Source information:
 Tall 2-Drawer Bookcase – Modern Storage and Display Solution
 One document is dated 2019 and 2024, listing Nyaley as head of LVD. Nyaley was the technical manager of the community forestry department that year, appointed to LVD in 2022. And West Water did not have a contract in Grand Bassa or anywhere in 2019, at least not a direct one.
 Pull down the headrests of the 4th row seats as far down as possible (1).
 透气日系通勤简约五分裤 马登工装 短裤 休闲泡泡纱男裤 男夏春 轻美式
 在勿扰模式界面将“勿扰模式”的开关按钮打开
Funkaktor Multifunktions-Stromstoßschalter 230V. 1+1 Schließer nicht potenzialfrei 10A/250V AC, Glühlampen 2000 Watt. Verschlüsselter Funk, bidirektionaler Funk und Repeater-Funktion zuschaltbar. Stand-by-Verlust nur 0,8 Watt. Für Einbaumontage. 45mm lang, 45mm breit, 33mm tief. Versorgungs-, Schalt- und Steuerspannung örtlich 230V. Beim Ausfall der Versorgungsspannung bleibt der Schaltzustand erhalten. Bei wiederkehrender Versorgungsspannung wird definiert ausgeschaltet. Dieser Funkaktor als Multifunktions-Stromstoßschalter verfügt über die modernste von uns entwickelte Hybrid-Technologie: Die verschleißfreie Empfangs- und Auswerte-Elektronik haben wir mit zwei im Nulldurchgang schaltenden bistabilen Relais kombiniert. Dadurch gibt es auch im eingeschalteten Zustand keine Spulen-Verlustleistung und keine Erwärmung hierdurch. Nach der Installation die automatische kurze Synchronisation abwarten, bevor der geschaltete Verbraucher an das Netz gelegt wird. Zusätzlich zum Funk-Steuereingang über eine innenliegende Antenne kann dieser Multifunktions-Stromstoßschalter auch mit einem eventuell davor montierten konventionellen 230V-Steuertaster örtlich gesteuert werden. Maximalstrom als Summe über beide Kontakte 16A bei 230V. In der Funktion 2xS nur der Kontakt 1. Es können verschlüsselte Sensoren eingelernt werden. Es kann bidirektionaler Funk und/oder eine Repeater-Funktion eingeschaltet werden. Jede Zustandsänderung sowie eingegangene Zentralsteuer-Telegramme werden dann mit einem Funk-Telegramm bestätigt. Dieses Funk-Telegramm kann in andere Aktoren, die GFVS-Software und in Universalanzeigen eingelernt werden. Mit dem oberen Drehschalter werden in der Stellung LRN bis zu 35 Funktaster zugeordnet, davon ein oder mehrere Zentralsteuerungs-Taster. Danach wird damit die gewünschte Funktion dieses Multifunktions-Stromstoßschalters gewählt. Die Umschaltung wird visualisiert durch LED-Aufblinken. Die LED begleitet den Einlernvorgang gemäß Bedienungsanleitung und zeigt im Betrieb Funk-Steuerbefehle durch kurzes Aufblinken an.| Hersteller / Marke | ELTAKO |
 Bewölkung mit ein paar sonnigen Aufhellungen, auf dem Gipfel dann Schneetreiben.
* * *
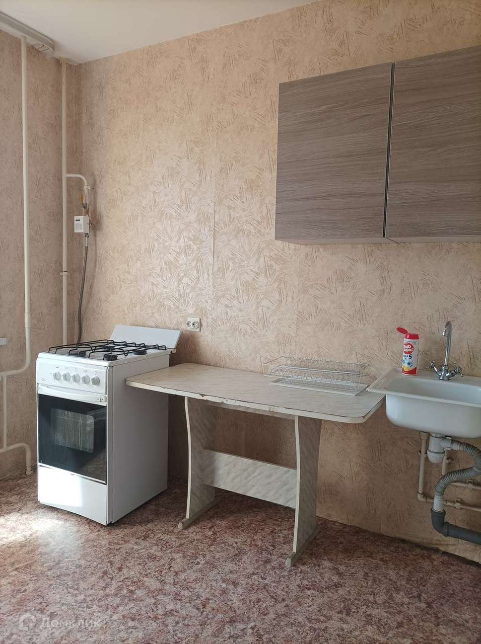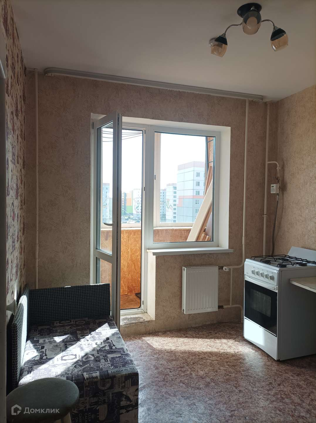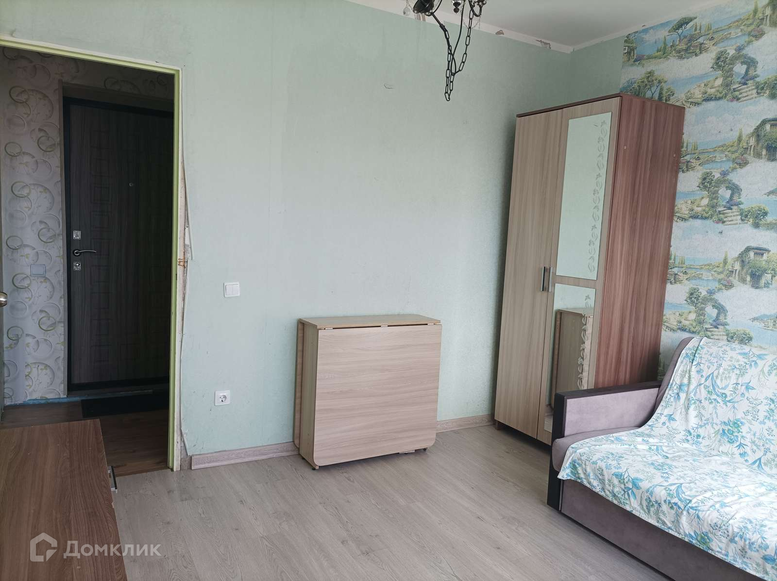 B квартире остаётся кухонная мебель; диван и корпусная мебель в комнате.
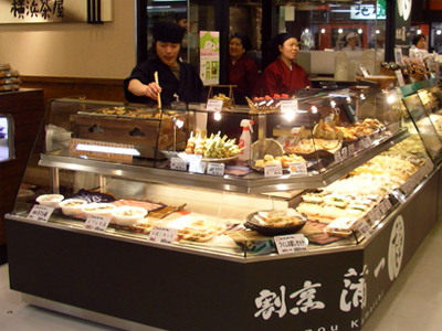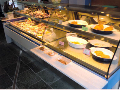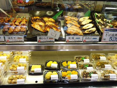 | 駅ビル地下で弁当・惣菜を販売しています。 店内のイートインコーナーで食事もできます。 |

Your assignment: Your answer should be the lines above, word for word, from the line with "B квартире ост" through the line with "駅ビル地下で弁当・惣菜を販売しています。 店内のイートインコーナーで食事もできます。 |", minus the pictures.

Exercise answer:
 B квартире остаётся кухонная мебель; диван и корпусная мебель в комнате.
 | 駅ビル地下で弁当・惣菜を販売しています。 店内のイートインコーナーで食事もできます。 |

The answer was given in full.